═════ INPUT RECORDS ═════

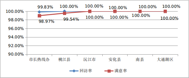 随机抽查各单位2-8件短信回访未评价工单,主要抽查办理单位回访情况和满意度情况,共抽查136件。办理单位已回访134件,未回访2件,总体回访率为98.5%,较上月下降0.6个百分点,大通湖区、移动益阳分公司抽查回访率未达到100%。群众评价为满意122件,不满意14件,总体满意率为89.7%,较上月上升3.9个百分点,区县(市)抽查满意率沅江市、安化县、资阳区、桃江县达到100%,市直部门有8个单位抽查满意率达到100%。
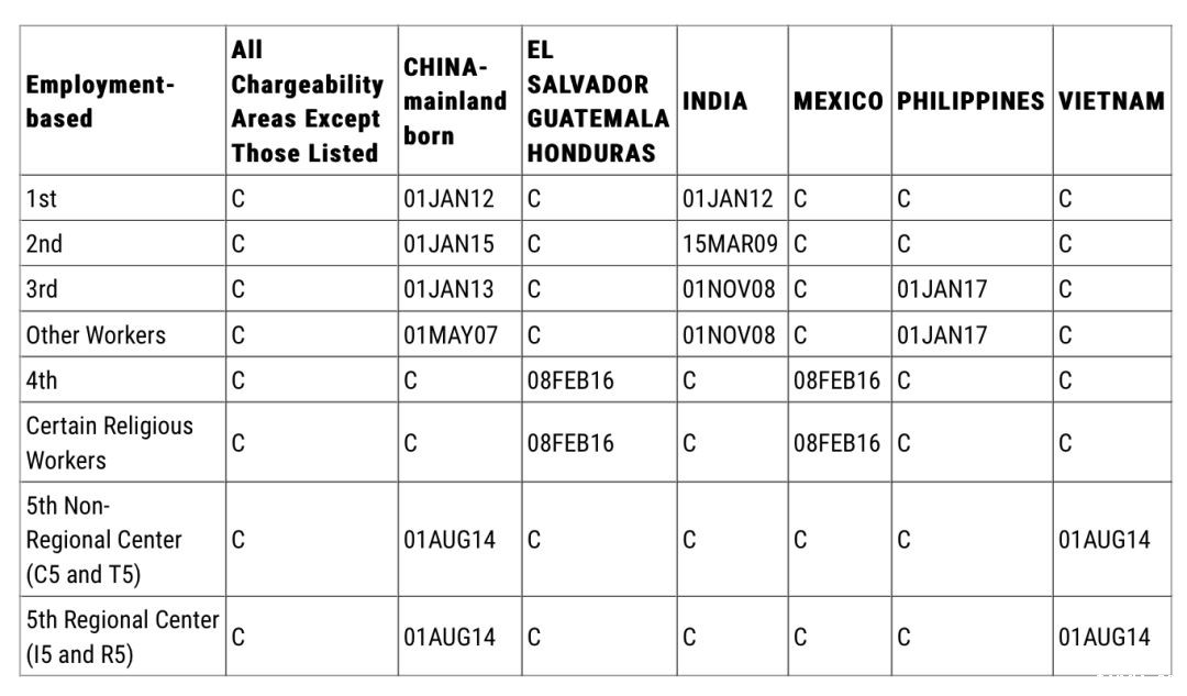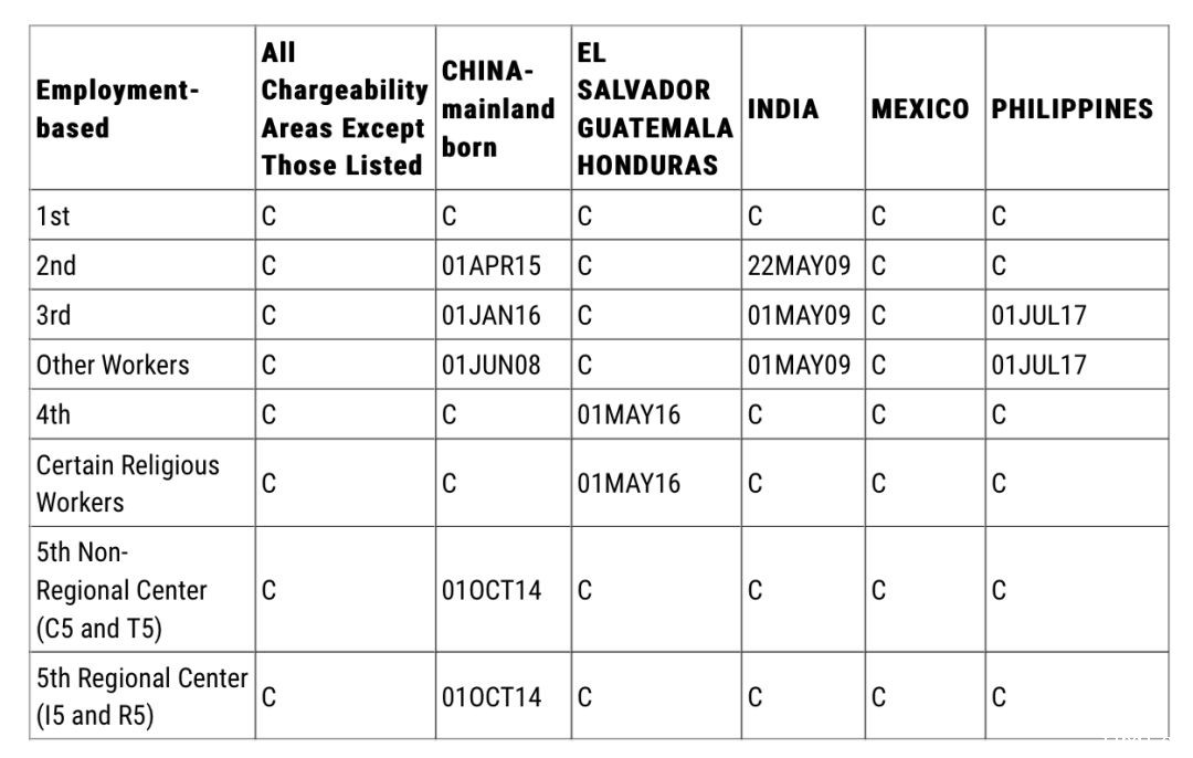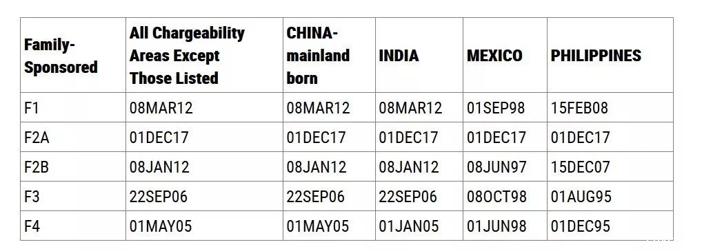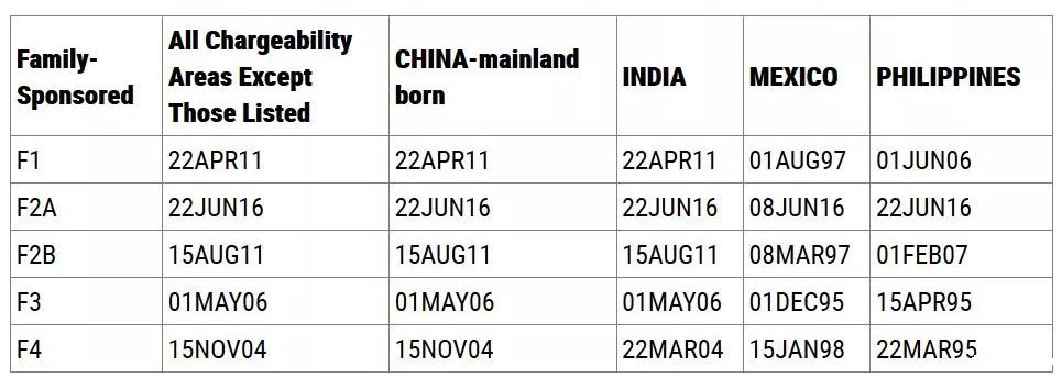 亲属移民7月“绿卡批准排期”,中国大陆出生申请人全部前进,具体情形如下:
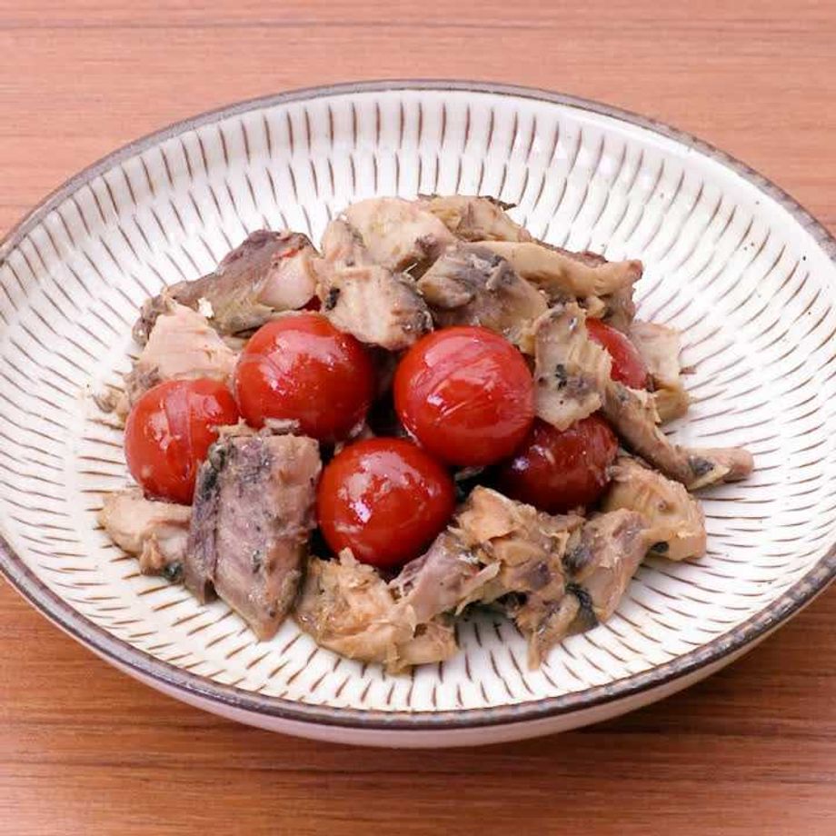 ミニトマトとサバを炒めるだけ!忙しい時におすすめの簡単メニューです♪炒めるだけなのであっという間に出来上がります♪
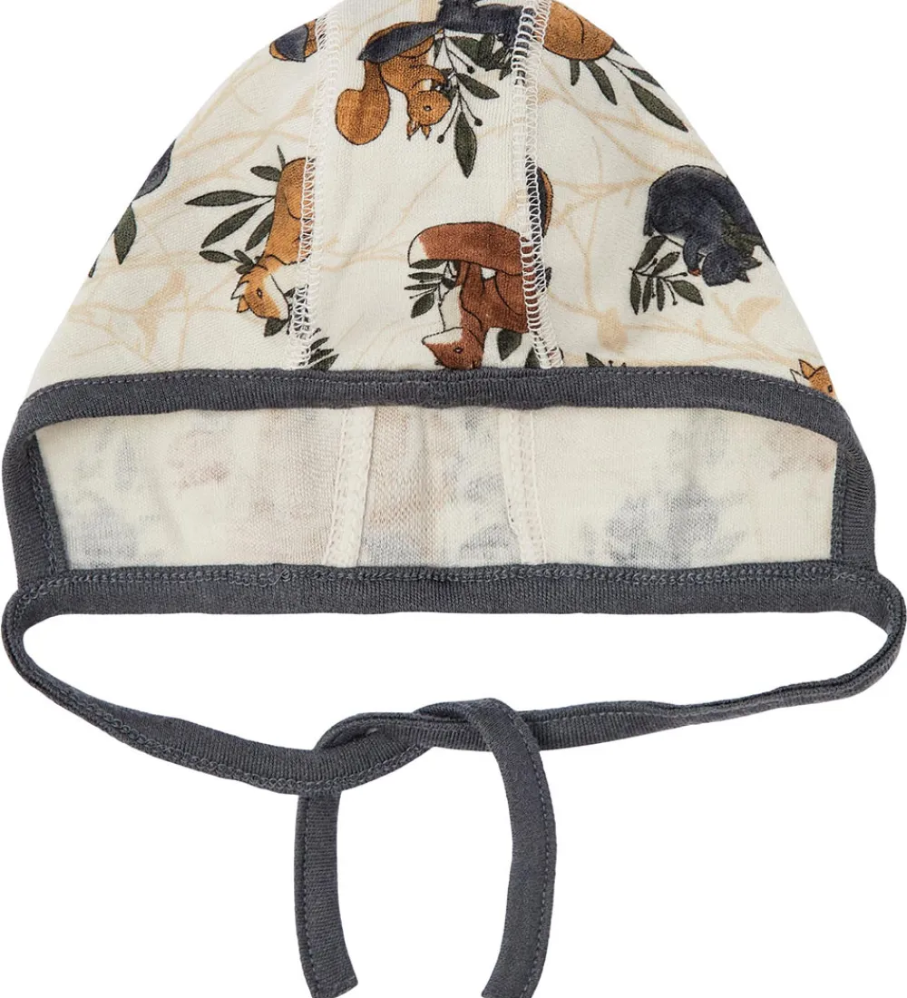 Sød Name It babyhjelm i cremehvid med fint dyreprint med egern, ræve og pindsvin i navy, brune og grønne nuancer.
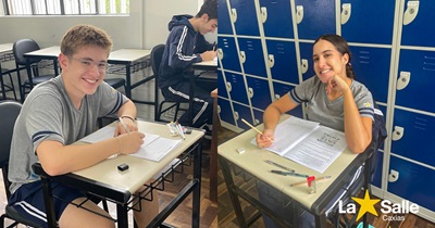 Nos dias 14 e 21, os estudantes da 2ª série do Ensino Médio do Colégio La Salle Caxias participaram de um simulado no modelo ENEM, vivenciando uma experiência próxima à realidade do exame. A ação teve como objetivo avaliar conhecimentos e desenvolver habilidades essenciais, como interpretação, resolução de problemas e gestão do tempo.
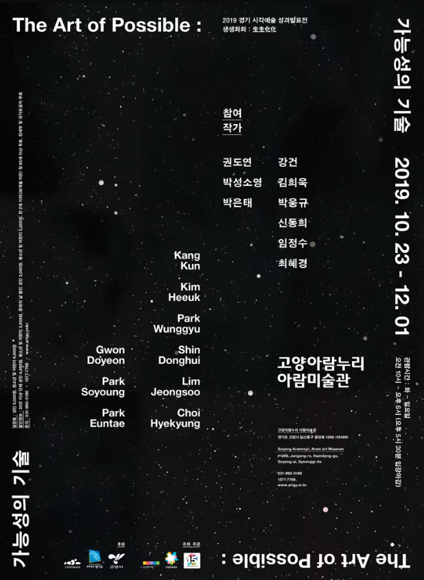 In October 2019, Aram Art Museum held the 2019 Gyeonggi Visual Arts Achievement Exhibition 《2019 Saengsaeng Hwahwa: The Art of Possible》. Since 2016, the Gyeonggi Visual Arts Achievement Exhibition “Saengsaeng Hwahwa” has continued into its fourth edition, organized through collaboration between the Gyeonggi Cultural Foundation and the Goyang Cultural Foundation. As part of the Gyeonggi-do Arts Promotion Fund, this project has been carried out to discover and support young artists in the Gyeonggi region, activate artistic activities, and expand opportunities for cultural enjoyment within the region.
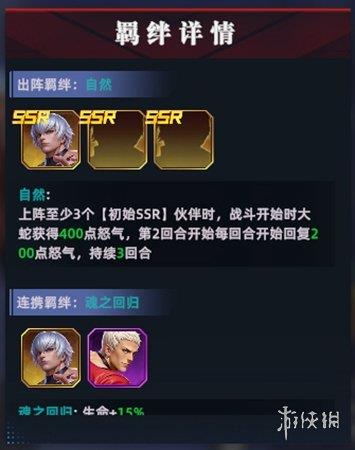 激活大蛇的羁绊条件颇为严苛,需同时上阵另外两个SSR品质的同伴,然而一旦达成条件,收益巨大。
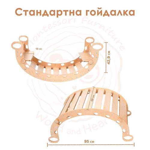 - Благодаря вневременному дизайну Монтессори балансир-арка идеально впишется в любой интерьер, придавая простору функциональности и эстетическому шарму.
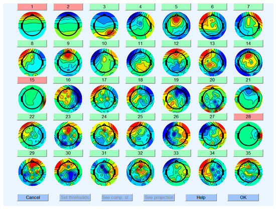 Removal of non-electroencephalogram components. Only the first 35 components are shown in the figure. The components marked in red have been removed.
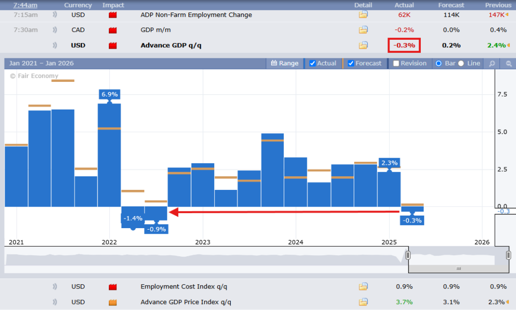 The US GDP drops -0.3% in Q1 2025. This is the first negative GDP number since July of 2022. GDP month over month was down -.2% accounting for most of the losses in March. ADP Non-farm employment change was reported -52K fewer new jobs than expected. The Advanced GDP Price Index which is a broad indicator of inflation rose to 3.7% for Q1 2025, 0.6% higher than expected.

═════

Each line above starting at the one holding "ミニトマトとサバを炒めるだけ" and ending at the one holding "Nos dias 14" should be set down exactly as it stands, both ends included, with no pictures.

 ミニトマトとサバを炒めるだけ!忙しい時におすすめの簡単メニューです♪炒めるだけなのであっという間に出来上がります♪
 Sød Name It babyhjelm i cremehvid med fint dyreprint med egern, ræve og pindsvin i navy, brune og grønne nuancer.
 Nos dias 14 e 21, os estudantes da 2ª série do Ensino Médio do Colégio La Salle Caxias participaram de um simulado no modelo ENEM, vivenciando uma experiência próxima à realidade do exame. A ação teve como objetivo avaliar conhecimentos e desenvolver habilidades essenciais, como interpretação, resolução de problemas e gestão do tempo.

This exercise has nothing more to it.